Clearly, first quarter GDP growth in recent years has been lower, but is that truly significant? Economists at the Fed’s Board of Governors say no. Economists at the San Francisco Fed say yes, and properly adjusted, GDP growth for 1Q15 would have been 1.8%, rather than the 0.2% reported in the advance estimate. Yet, any statistician can tell you, five observations are not enough on which to base any meaningful analysis. In other words, nobody knows. Post-recession seasonal patterns may have changed. The housing collapse and mortgage debt overhang could have led to permanent changes in spending habits. Financial deleveraging may have led to longer-term distortions in the credit system. We won’t know for sure until a lot more time has passed. The government does alter the seasonal adjustment over time. However, seasonal adjustment problems will balance out over the course of the year. One can simply look at year-over-year changes.

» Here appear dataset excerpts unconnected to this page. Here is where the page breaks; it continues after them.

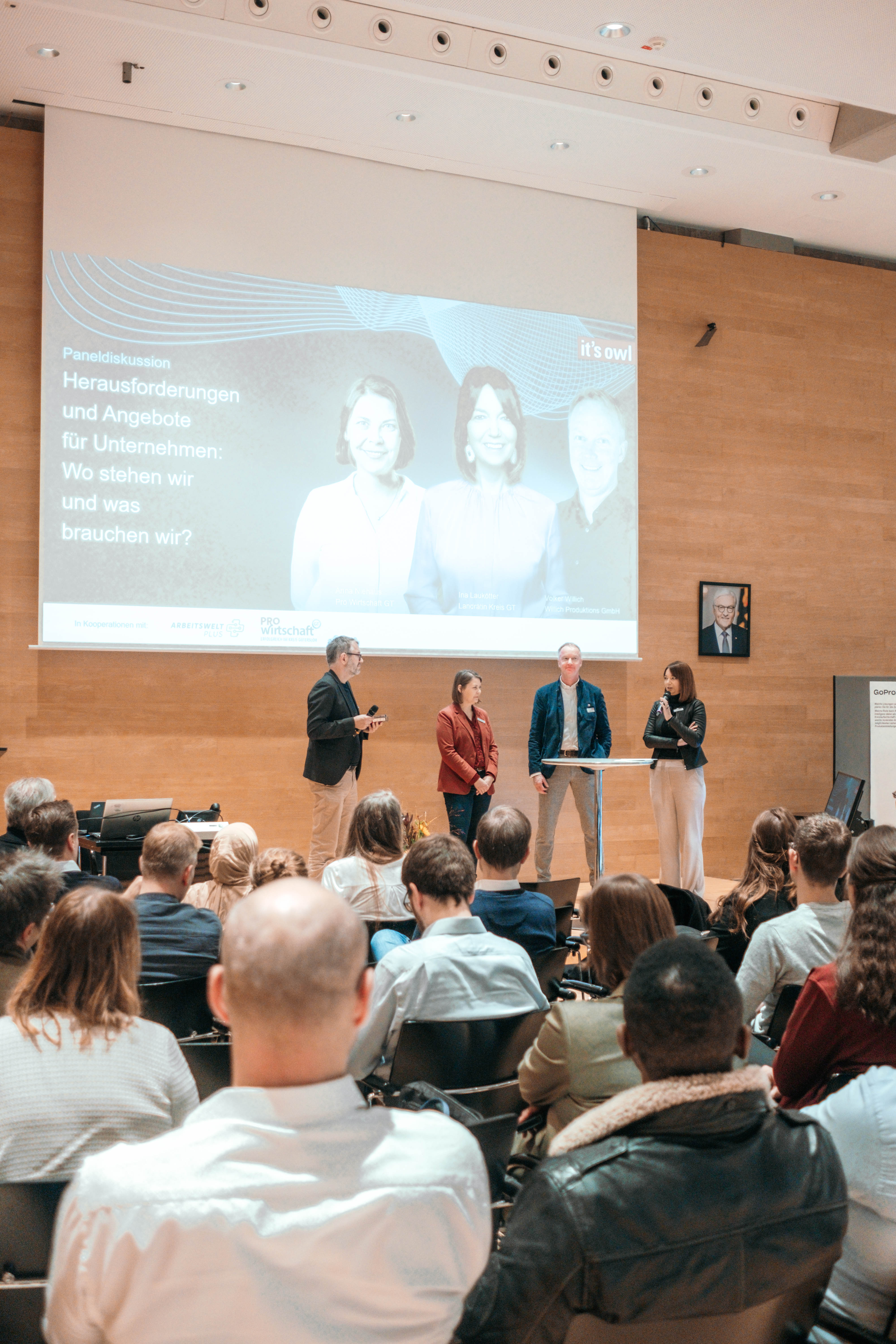 Wie angespannt die Lage in vielen Unternehmen ist, erlebt Anna Niehaus täglich. Sie ist Geschäftsführerin der pro Wirtschaft GT und spricht mit zahlreichen mittelständischen Betrieben im Kreis Gütersloh. Die Ausgangslage: hoher wirtschaftlicher Druck trifft auf große Aufgaben zur Entwicklung digitaler und nachhaltiger Prozesse und Produkte bei gleichzeitig knappen Ressourcen.
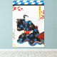 Un actor en el papel de un samurai, con una bata y una espada coloridas. La parte media de un tríptico. Aquí hay un Samurai en una rodilla frente a la plataforma donde se sienta el poderoso guerrero usando el Dragon Robe, escena en la sección derecha. Como intermediario, él se encarga del Samurai en la imagen izquierda de los tres. De un original corte de madera del siglo XIX (1848), 'Soga no Taimen' (Escena de una obra de Soga), de Utagawa Toyokuni. Todos los derechos reservados © 2014 padre art
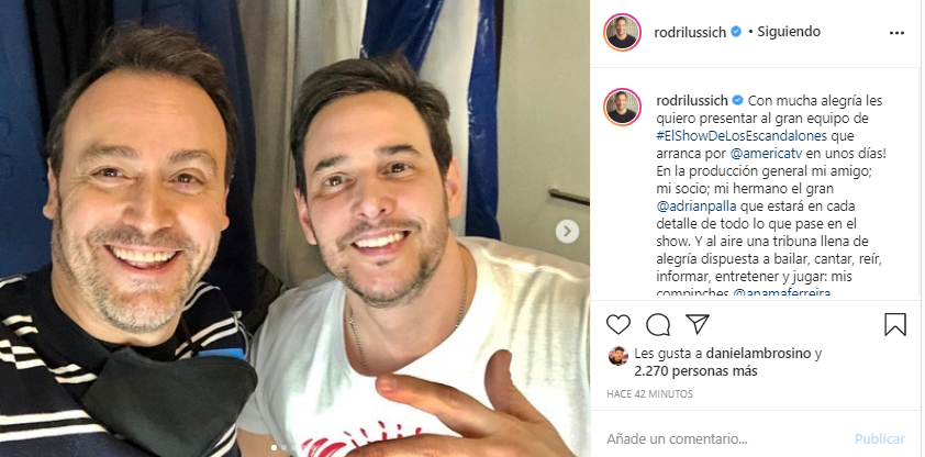 "Con mucha alegría les quiero presentar al gran equipo de #ElShowDeLosEscandalones que arranca por @americatv en unos días! En la producción general mi amigo; mi socio; mi hermano el gran @adrianpalla que estará en cada detalle de todo lo que pase en el show. Y al aire una tribuna llena de alegría dispuesta a bailar, cantar, reír, informar, entretener y jugar: mis compinches @anamaferreira @natijota @juanoterook @sheilagallega", escribió.
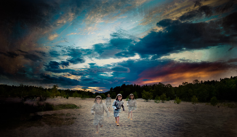 Un ciel hallucinant pour une scène bien étrange...D'accord avec Mike pour le positionnement de la fillette qui devrait être en tête si vraiment elle fuit...son expression d'ailleurs aurait pu être plus dramatique pour participer à cette mystérieuse ambiance...
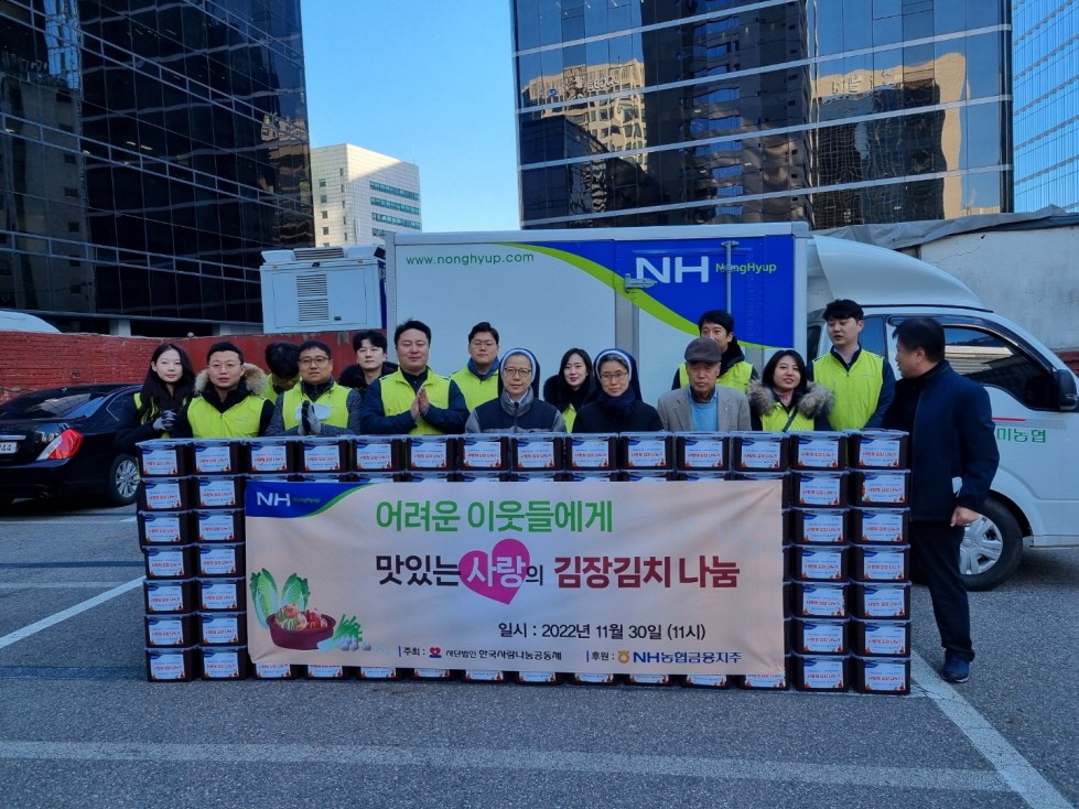 2022-12-06 작성자: 관리자 어려운 이웃들에게 맛있는 사랑의 김장김치나눔 행사 (사) 한국사랑나눔공동체(이사장 이은덕)는 2022년 11월 30일 10:30 NH농협금융지주 후원으로 어려운 이웃들에게 맛있는 사랑의 김장김치 나눔행사를 가졌다 NH 농협금융지주 직원들이 참석하여 미혼모시설 자오나학교, 성모 소화의집 등 20여개 시설에 나눔 봉사에 참여하였다. 김치나눔행사-농협1.jpg(518.42 KB)

In Econ 1, students learn the aggregate economic activity can be measured as output or income. While most people are familiar with GDP, may are unaware of GDI. These two measures often differ from quarter to quarter and each has its advocates. In July, the Bureau of Economic Analysis will introduce a new measure, which is simply the average of the two.
Financial market participants place way too much emphasis on the headline GDP growth figure. Consumer spending and business fixed investment are key, accounting for more than 80% of GDP. However, net exports, the change in inventories, and defense spending account for more than their fair share of volatility and can whip the headline GDP growth figure around from quarter to quarter. In July, the BEA will introduce Final Sales to Private Domestic Purchases, which will be a better gauge of underlying demand and be a lot less choppy than GDP.
Questions about the seasonality of GDP growth help highlight the fact that investors should consider the broad range of economic data, not just one figure.